- **Records for processing**
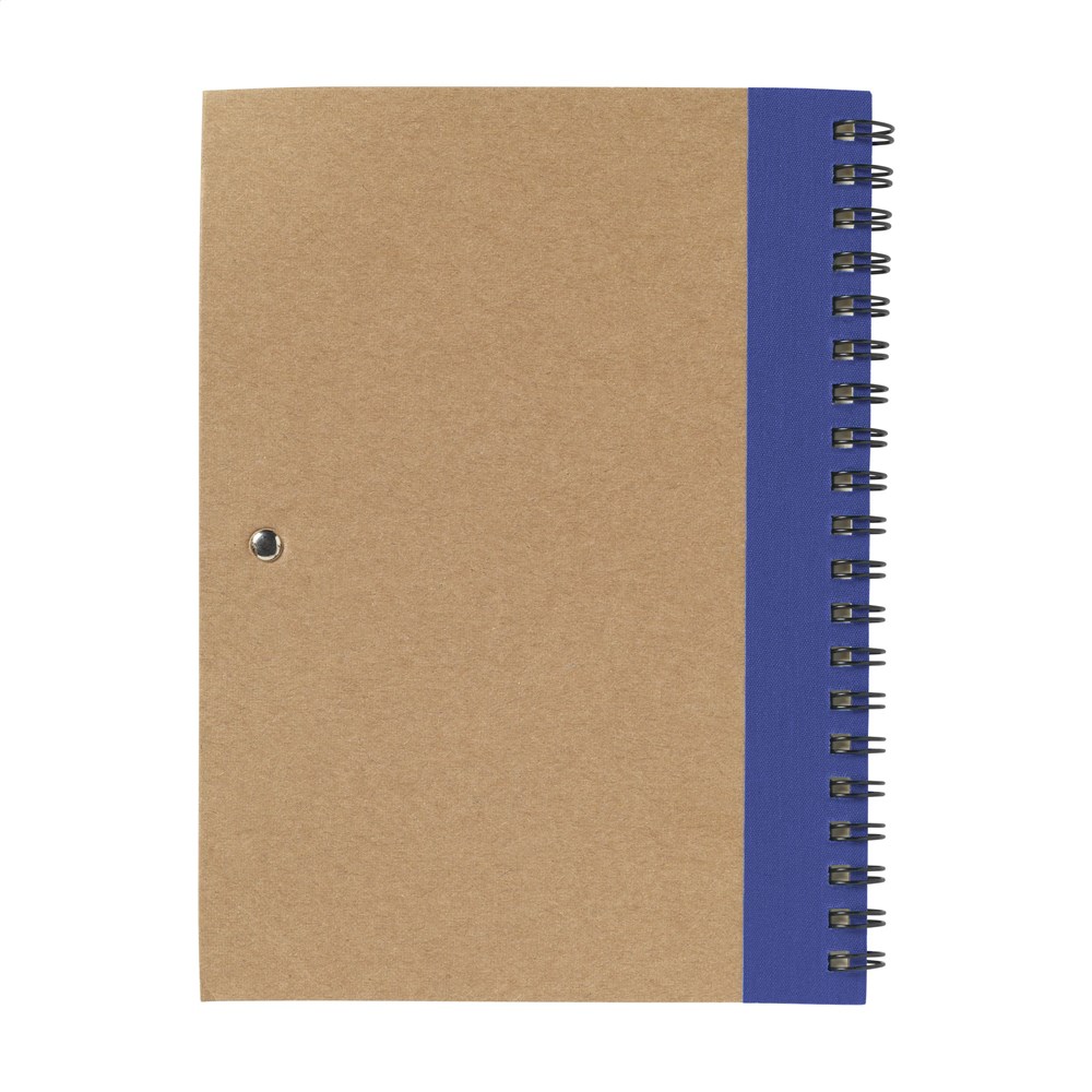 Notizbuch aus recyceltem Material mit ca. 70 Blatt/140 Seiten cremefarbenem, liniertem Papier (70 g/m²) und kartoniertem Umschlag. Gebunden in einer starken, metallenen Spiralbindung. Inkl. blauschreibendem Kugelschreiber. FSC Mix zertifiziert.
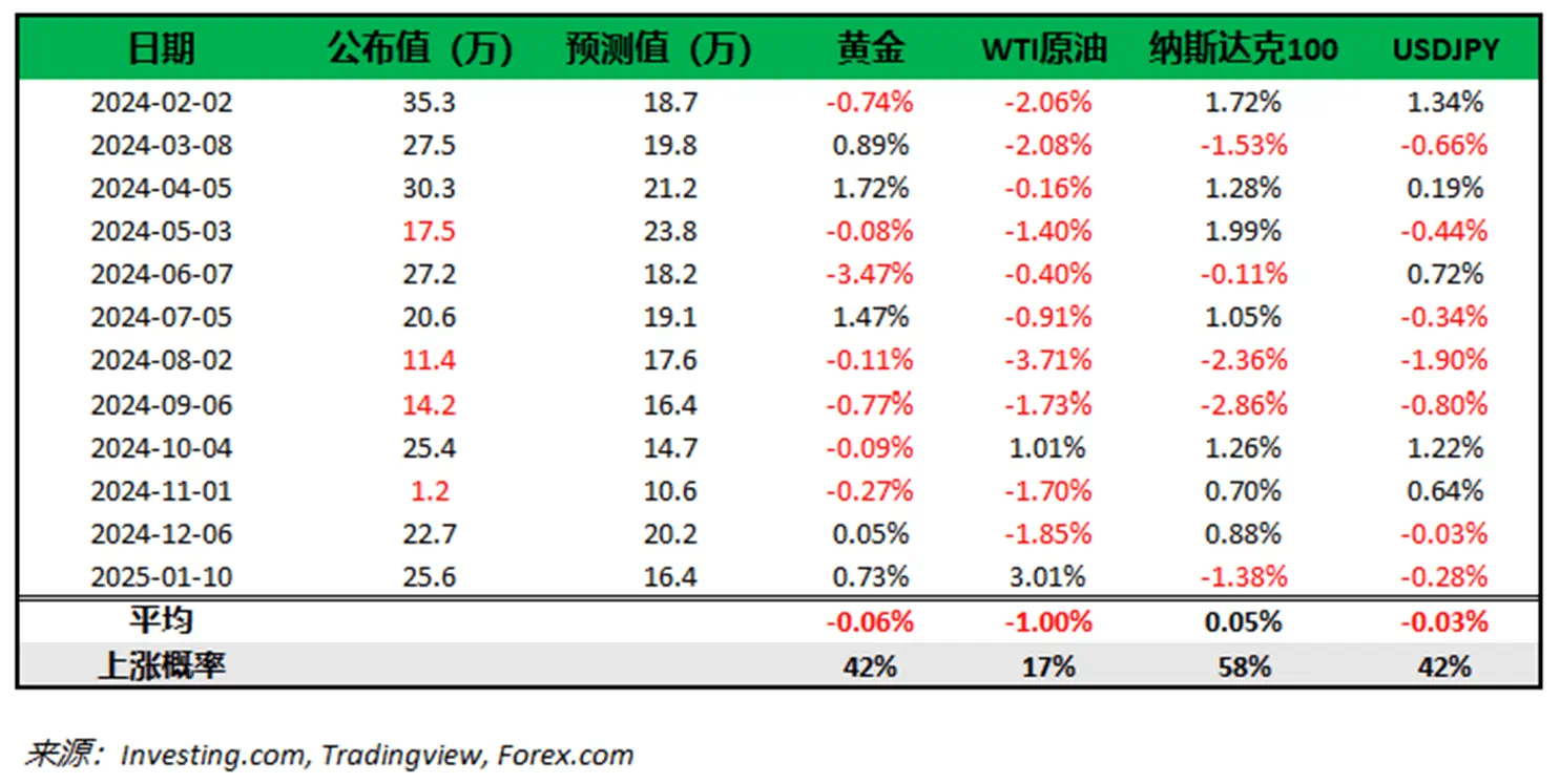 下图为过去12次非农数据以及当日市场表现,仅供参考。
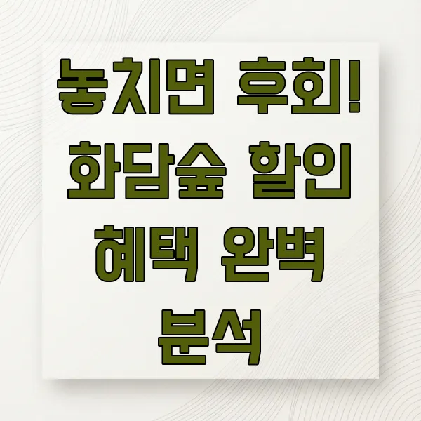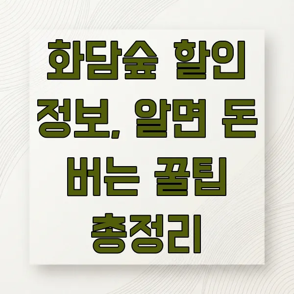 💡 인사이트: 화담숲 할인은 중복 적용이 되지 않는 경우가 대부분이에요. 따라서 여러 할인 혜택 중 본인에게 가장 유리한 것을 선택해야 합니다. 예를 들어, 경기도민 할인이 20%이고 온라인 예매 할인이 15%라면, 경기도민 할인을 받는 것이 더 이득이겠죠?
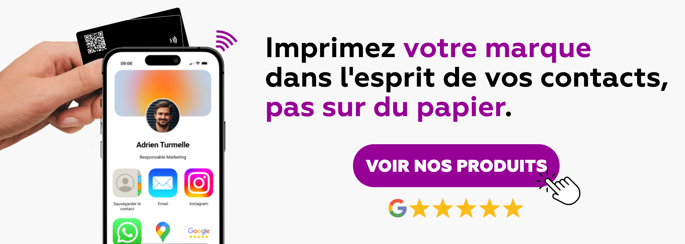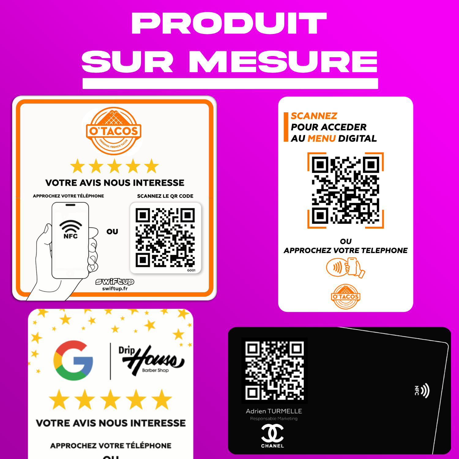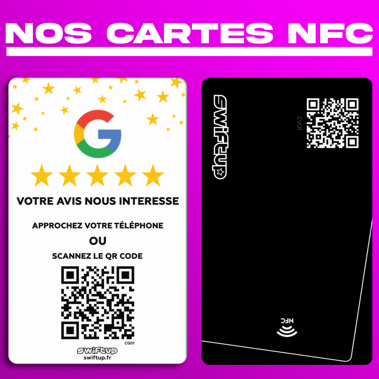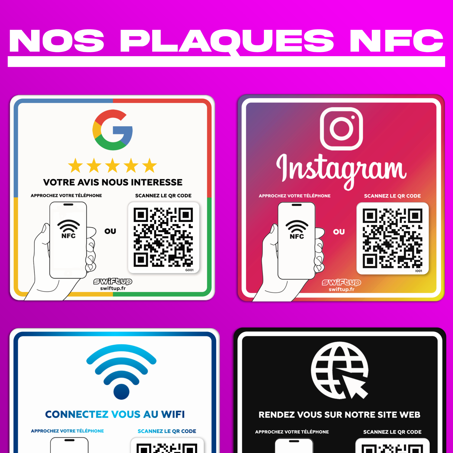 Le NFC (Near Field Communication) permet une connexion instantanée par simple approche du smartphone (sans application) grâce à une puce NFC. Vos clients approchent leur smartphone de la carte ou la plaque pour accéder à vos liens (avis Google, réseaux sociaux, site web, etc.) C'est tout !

==

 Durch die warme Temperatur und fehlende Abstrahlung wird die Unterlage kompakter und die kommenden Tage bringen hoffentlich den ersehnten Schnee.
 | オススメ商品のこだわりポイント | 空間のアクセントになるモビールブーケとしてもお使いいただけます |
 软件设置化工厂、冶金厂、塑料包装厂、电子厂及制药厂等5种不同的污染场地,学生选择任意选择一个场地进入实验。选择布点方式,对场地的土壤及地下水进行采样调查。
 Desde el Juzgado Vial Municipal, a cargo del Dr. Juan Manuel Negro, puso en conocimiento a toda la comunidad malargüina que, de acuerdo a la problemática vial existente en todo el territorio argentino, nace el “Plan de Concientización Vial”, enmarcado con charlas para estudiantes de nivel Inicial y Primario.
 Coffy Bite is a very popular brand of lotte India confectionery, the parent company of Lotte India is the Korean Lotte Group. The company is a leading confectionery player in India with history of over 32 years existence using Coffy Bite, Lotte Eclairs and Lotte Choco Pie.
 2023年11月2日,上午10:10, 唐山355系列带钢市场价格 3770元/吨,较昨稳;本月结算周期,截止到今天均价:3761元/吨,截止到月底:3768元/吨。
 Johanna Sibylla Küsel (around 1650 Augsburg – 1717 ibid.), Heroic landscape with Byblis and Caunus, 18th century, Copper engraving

- **Instructions for the task**
What you return must be the lines above that run from the line with "Coffy Bite is" to the line with "Johanna Sibylla Küsel", inclusive, each copied exactly.

- **Answer for the task**
 Coffy Bite is a very popular brand of lotte India confectionery, the parent company of Lotte India is the Korean Lotte Group. The company is a leading confectionery player in India with history of over 32 years existence using Coffy Bite, Lotte Eclairs and Lotte Choco Pie.
 2023年11月2日,上午10:10, 唐山355系列带钢市场价格 3770元/吨,较昨稳;本月结算周期,截止到今天均价:3761元/吨,截止到月底:3768元/吨。
 Johanna Sibylla Küsel (around 1650 Augsburg – 1717 ibid.), Heroic landscape with Byblis and Caunus, 18th century, Copper engraving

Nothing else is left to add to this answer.